Nothing but the lines from the one with "Кӑсупсийн кӑсум эвет худыева мойдӑсийт" through the final line of the entries should appear in the answer, copied exactly and without pictures.

# # # # # # #

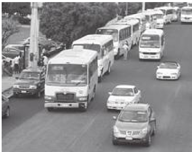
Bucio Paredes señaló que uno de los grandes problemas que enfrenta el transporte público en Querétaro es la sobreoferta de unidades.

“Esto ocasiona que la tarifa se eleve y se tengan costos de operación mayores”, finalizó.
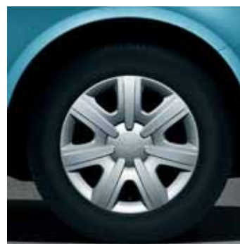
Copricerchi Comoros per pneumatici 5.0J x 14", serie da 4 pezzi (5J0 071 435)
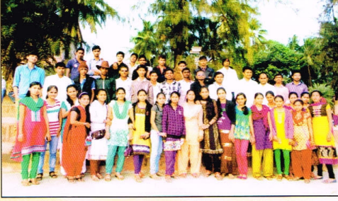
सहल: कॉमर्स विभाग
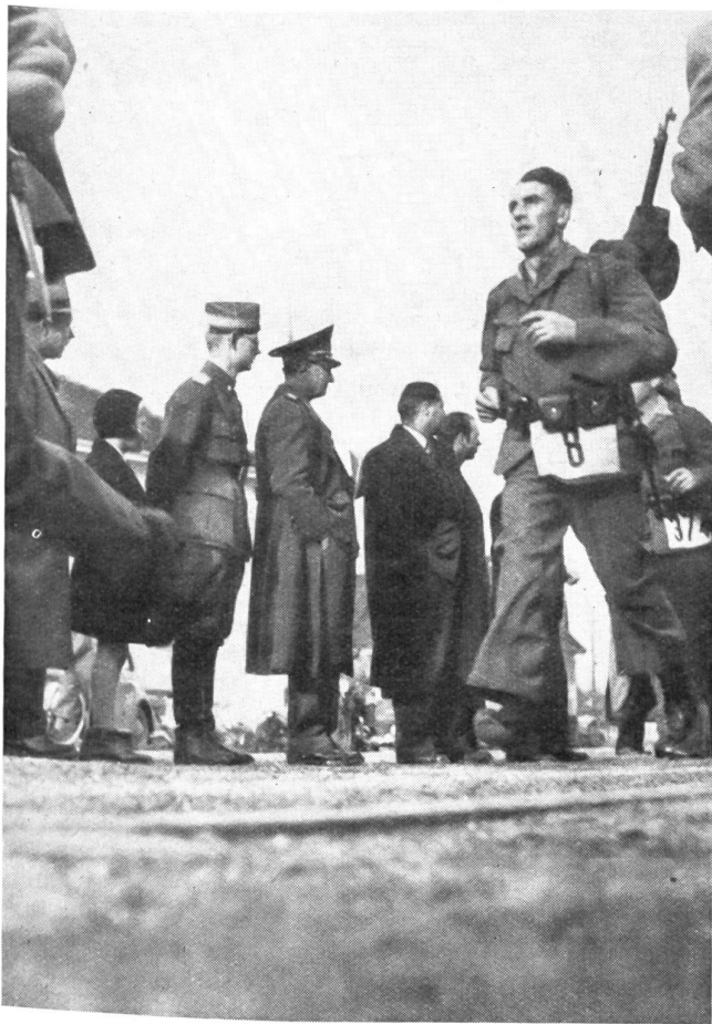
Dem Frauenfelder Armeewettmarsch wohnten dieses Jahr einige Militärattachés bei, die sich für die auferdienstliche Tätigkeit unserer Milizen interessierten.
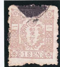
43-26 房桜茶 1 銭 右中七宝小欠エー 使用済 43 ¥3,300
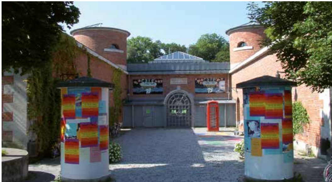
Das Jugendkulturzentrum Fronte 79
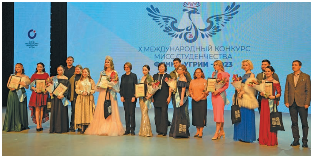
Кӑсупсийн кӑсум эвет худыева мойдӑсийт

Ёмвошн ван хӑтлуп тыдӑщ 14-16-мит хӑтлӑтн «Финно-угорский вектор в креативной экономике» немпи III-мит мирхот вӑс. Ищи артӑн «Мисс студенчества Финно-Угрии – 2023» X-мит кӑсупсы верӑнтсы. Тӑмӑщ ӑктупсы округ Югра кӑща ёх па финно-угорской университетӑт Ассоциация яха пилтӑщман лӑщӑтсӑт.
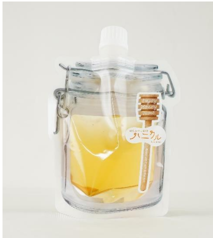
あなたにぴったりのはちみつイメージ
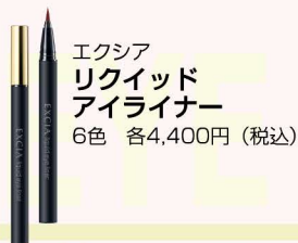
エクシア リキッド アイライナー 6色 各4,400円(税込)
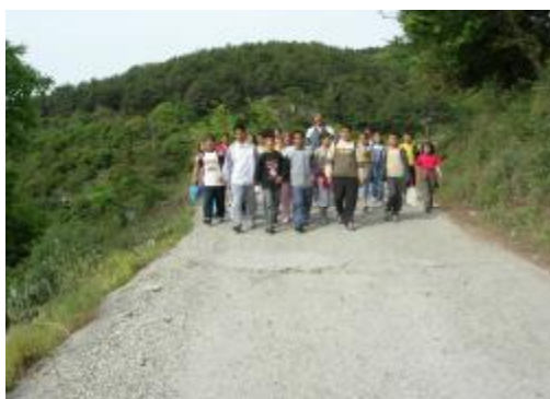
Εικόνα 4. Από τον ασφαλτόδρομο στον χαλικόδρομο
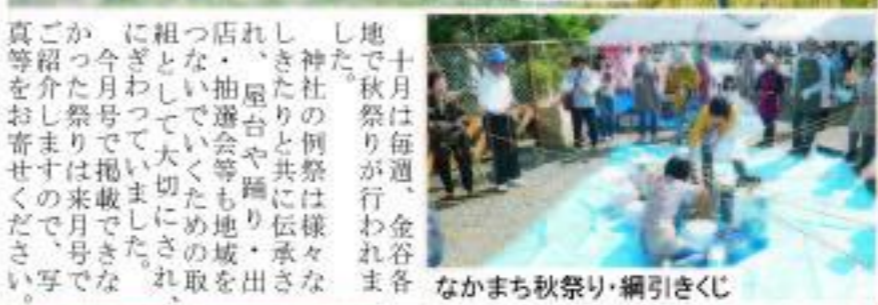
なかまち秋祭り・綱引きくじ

# # # # # # #

### Exercise solution
Кӑсупсийн кӑсум эвет худыева мойдӑсийт

Ёмвошн ван хӑтлуп тыдӑщ 14-16-мит хӑтлӑтн «Финно-угорский вектор в креативной экономике» немпи III-мит мирхот вӑс. Ищи артӑн «Мисс студенчества Финно-Угрии – 2023» X-мит кӑсупсы верӑнтсы. Тӑмӑщ ӑктупсы округ Югра кӑща ёх па финно-угорской университетӑт Ассоциация яха пилтӑщман лӑщӑтсӑт.
あなたにぴったりのはちみつイメージ
エクシア リキッド アイライナー 6色 各4,400円(税込)
Εικόνα 4. Από τον ασφαλτόδρομο στον χαλικόδρομο
なかまち秋祭り・綱引きくじ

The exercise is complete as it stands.